The Optical Networking and Communication
Conference & Exhibition

Los Angeles Convention Center,
Los Angeles, California, USA

Short Courses

SC208 - Optical Fiber Design for Telecommunications and Specialty Applications

Monday, 20 March
09:00 - 12:00

Short Course Level: Advanced Beginner


David J. DiGiovanni; OFS Labs, USA

Short Course Description:

Optical fiber development remains a robust field for innovation in both telecom and nontelecom applications.  As worldwide bandwidth demand continues to grow, new fiber types and fiber-based components can increase speed, reduce cost and improve the bandwidth of communications networks.  In addition, application-specific fiber can enable or benefit a wide array of functions such as simply transporting light between two points, amplifying light, processing signals, sensing environmental characteristics and even transporting particles.  The tools available in adapting fiber to particular uses, whether for high speed communications or other applications, include a range of materials and dopants (glasses, polymers), the mechanics of the fiber (size, coatings, microstructure), waveguiding properties (index profile), and creation of various fiber-based devices such as gratings and amplifiers.  These tools have been used to establish an industry that continues to expand as photonics penetrates more and more applications.

This short course will discuss the basics of optical propagation and fiber design, as well as the many ways in which optical fibers can be adapted for a wide range of applications.  We will review an array of current fiber technologies and consider the role and capabilities of materials, structures and waveguide design for both fiber and fiber-based photonic components.   The focus will be two-fold:  coverage of commercial fiber technology, and demonstration of the many opportunities available with novel, specialty optical fibers.   In the former, we will touch on the manufacture, design and properties of optical fiber and utilization issues such as fusion splicing and cabling for conventional, commercial fiber.  Discussion of novel and specialty fiber will include trends for next-generation, high bandwidth communications (designs for advanced modulation formats, space division multiplexing, advanced amplification) as well as the rapidly growing field of non-communications applications in high power fiber lasers, point and distributed optical sensing, and hollow-core optical fiber.


Short Course Benefits:

This course should enable you to:

  • Understand how certain fiber attributes, like attenuation, modal area and dispersion can impact current and next-generation high speed communications technologies.

  • Describe the wide array of optical fibers available and discuss how their designs have been engineered for particular applications.

  • Compare the benefits of different materials in fiber design, including different glass dopants.

  • Understand the difference between fibers used for different applications, such as transmission fiber, amplifiers, and sensors.

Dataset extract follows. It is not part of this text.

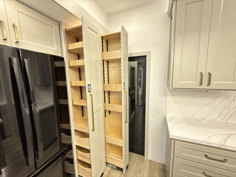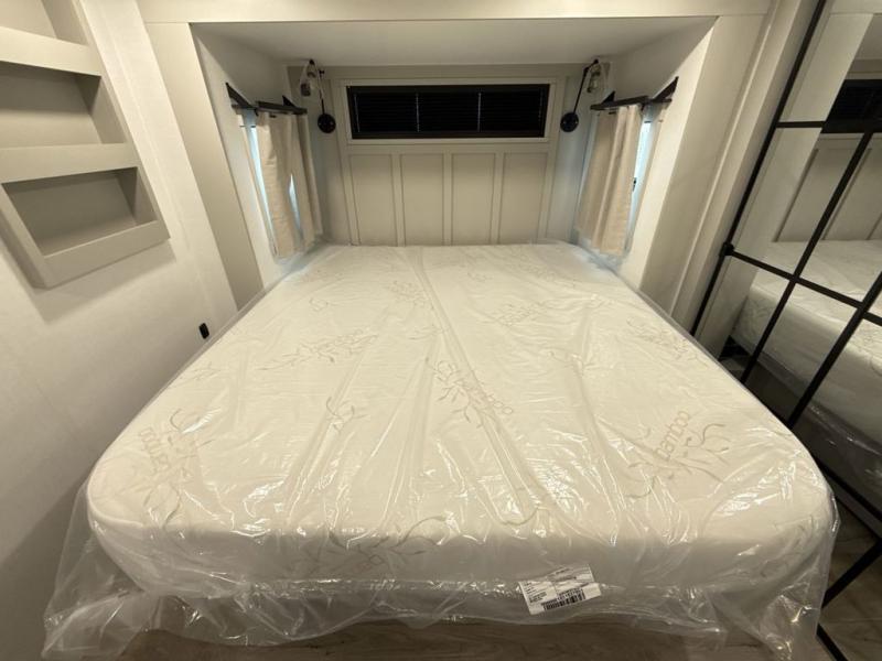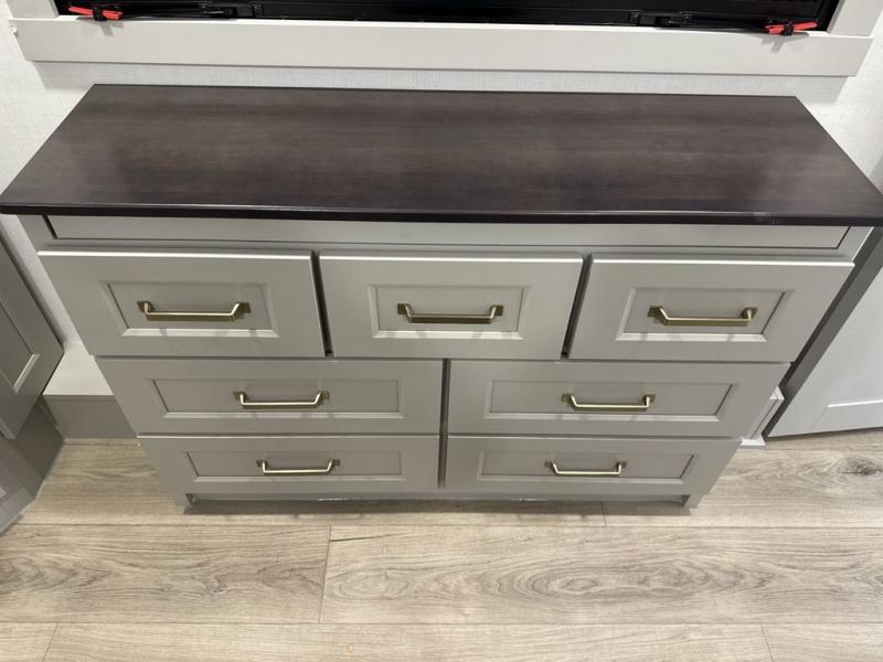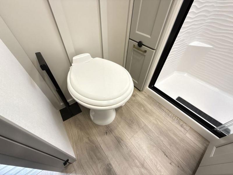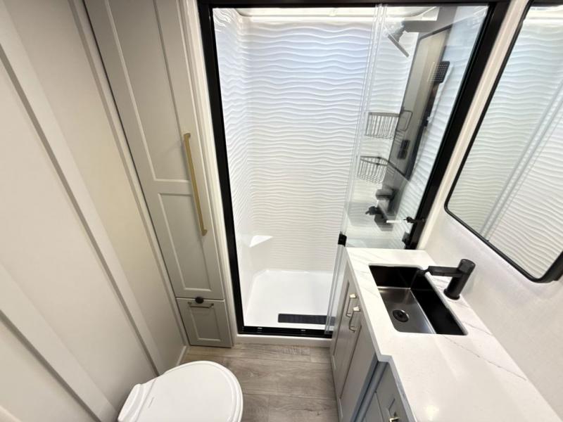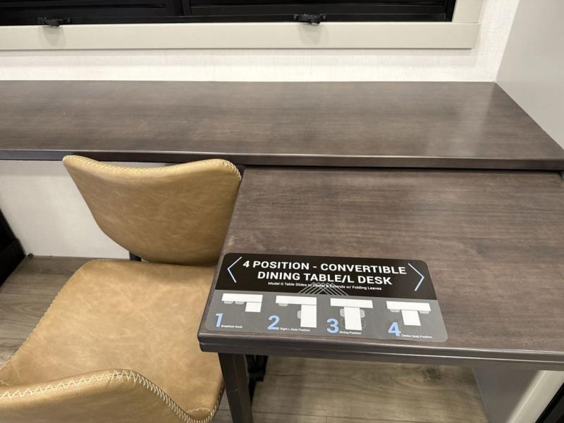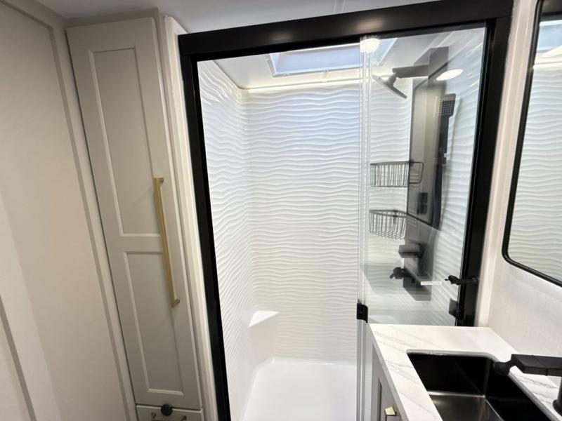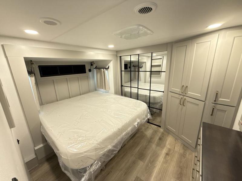 Whether you use this toy hauler to haul your favorite ride-on toys or as a mobile office, you're sure to love every inch of it! The 14' separate garage includes a Fold-N-Stow table and independent dual sofas, along with a full bath and a loft/storage with a twin bed for more sleeping space. The middle kitchen is every chef's dream with its GE appliances, kitchen island, and convenient features, such as pull-out trash bins and a cutting board, a pull-down knife rack and utensil tray, and a pull-out pantry/utility closet! Right next to the kitchen is the living room with a L-sofa with four modes, a 65" Phillips Smart TV and a fireplace, plus a convertible dining table/L-desk where you can dine or get some work done. You'll love the second full bath up front close to the private bedroom, and here, you'll find a king bed slide out, under-bed storage drawers and motion lights, a walk-in closet with cordless vacuum prep, and a sliding dresser top with hidden storage for valuables. There is also washer and dryer prep in the bedroom and garage, making this toy hauler full-time capable!

  • Determine whether particular applications can benefit from modified or novel optical fiber.

  • Understand the potential offered by fiber engineering which may be exploited to improve existing applications or create new functions.

  • Understand how fiber is used in a wide range of applications, including fusion splicing, fiber management and cabling.


Short Course Audience:

This course is intended for the technical community seeking to understand the basics of optical fiber and waveguide design and the opportunities to adapt fiber for specific applications.  Basic understanding of optical fiber properties is desirable though not required.  The course will provide an understanding of the operating principles of fiber while also exploring the limits of waveguide and materials engineering.  Specific designs for high speed transmission, optical amplification and fiber lasers will be studied, among others.

Instructor Biography:

D.J. DiGiovanni received several engineering and mathematics degrees from Brown University, including a PhD in 1987.  He joined Bell Laboratories in 1990 and has worked on various phenomena related to design and manufacture of optical fibers for erbium-doped amplifiers, high power amplifiers and lasers and Raman amplification. He is CTO of OFS Fitel and president of OFS Laboratories and continues to explore designs, fabrication and applications of specialty and transmission optical fibers and devices.